Work task:
Exact copies of all the entries are required.

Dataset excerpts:
----

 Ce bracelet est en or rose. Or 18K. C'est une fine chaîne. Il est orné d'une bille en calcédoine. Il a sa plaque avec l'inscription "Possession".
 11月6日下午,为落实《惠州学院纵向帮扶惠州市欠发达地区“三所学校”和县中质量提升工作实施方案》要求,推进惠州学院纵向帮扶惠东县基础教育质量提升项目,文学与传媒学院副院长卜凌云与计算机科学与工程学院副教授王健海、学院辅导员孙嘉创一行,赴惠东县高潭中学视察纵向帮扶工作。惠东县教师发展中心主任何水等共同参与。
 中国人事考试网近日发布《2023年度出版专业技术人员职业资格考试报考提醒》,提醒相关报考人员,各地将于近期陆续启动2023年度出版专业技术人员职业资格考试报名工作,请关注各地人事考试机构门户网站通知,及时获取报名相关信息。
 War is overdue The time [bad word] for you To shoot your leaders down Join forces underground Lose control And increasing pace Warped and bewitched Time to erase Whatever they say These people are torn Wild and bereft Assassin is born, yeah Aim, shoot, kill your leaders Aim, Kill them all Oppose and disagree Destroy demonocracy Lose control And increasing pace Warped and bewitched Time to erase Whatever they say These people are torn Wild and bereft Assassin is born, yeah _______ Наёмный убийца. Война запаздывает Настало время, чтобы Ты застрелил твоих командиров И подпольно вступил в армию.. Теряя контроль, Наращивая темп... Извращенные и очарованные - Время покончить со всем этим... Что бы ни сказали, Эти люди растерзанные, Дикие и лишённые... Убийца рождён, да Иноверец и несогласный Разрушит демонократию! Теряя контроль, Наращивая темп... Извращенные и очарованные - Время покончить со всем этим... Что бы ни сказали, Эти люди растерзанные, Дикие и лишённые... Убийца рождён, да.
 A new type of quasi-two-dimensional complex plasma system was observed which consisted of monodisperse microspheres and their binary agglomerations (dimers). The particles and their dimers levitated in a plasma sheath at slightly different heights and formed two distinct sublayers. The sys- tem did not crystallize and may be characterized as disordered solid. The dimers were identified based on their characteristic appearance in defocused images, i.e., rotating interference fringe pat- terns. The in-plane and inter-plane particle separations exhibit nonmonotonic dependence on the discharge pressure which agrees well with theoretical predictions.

----

Answer:
 Ce bracelet est en or rose. Or 18K. C'est une fine chaîne. Il est orné d'une bille en calcédoine. Il a sa plaque avec l'inscription "Possession".
 11月6日下午,为落实《惠州学院纵向帮扶惠州市欠发达地区“三所学校”和县中质量提升工作实施方案》要求,推进惠州学院纵向帮扶惠东县基础教育质量提升项目,文学与传媒学院副院长卜凌云与计算机科学与工程学院副教授王健海、学院辅导员孙嘉创一行,赴惠东县高潭中学视察纵向帮扶工作。惠东县教师发展中心主任何水等共同参与。
 中国人事考试网近日发布《2023年度出版专业技术人员职业资格考试报考提醒》,提醒相关报考人员,各地将于近期陆续启动2023年度出版专业技术人员职业资格考试报名工作,请关注各地人事考试机构门户网站通知,及时获取报名相关信息。
 War is overdue The time [bad word] for you To shoot your leaders down Join forces underground Lose control And increasing pace Warped and bewitched Time to erase Whatever they say These people are torn Wild and bereft Assassin is born, yeah Aim, shoot, kill your leaders Aim, Kill them all Oppose and disagree Destroy demonocracy Lose control And increasing pace Warped and bewitched Time to erase Whatever they say These people are torn Wild and bereft Assassin is born, yeah _______ Наёмный убийца. Война запаздывает Настало время, чтобы Ты застрелил твоих командиров И подпольно вступил в армию.. Теряя контроль, Наращивая темп... Извращенные и очарованные - Время покончить со всем этим... Что бы ни сказали, Эти люди растерзанные, Дикие и лишённые... Убийца рождён, да Иноверец и несогласный Разрушит демонократию! Теряя контроль, Наращивая темп... Извращенные и очарованные - Время покончить со всем этим... Что бы ни сказали, Эти люди растерзанные, Дикие и лишённые... Убийца рождён, да.
 A new type of quasi-two-dimensional complex plasma system was observed which consisted of monodisperse microspheres and their binary agglomerations (dimers). The particles and their dimers levitated in a plasma sheath at slightly different heights and formed two distinct sublayers. The sys- tem did not crystallize and may be characterized as disordered solid. The dimers were identified based on their characteristic appearance in defocused images, i.e., rotating interference fringe pat- terns. The in-plane and inter-plane particle separations exhibit nonmonotonic dependence on the discharge pressure which agrees well with theoretical predictions.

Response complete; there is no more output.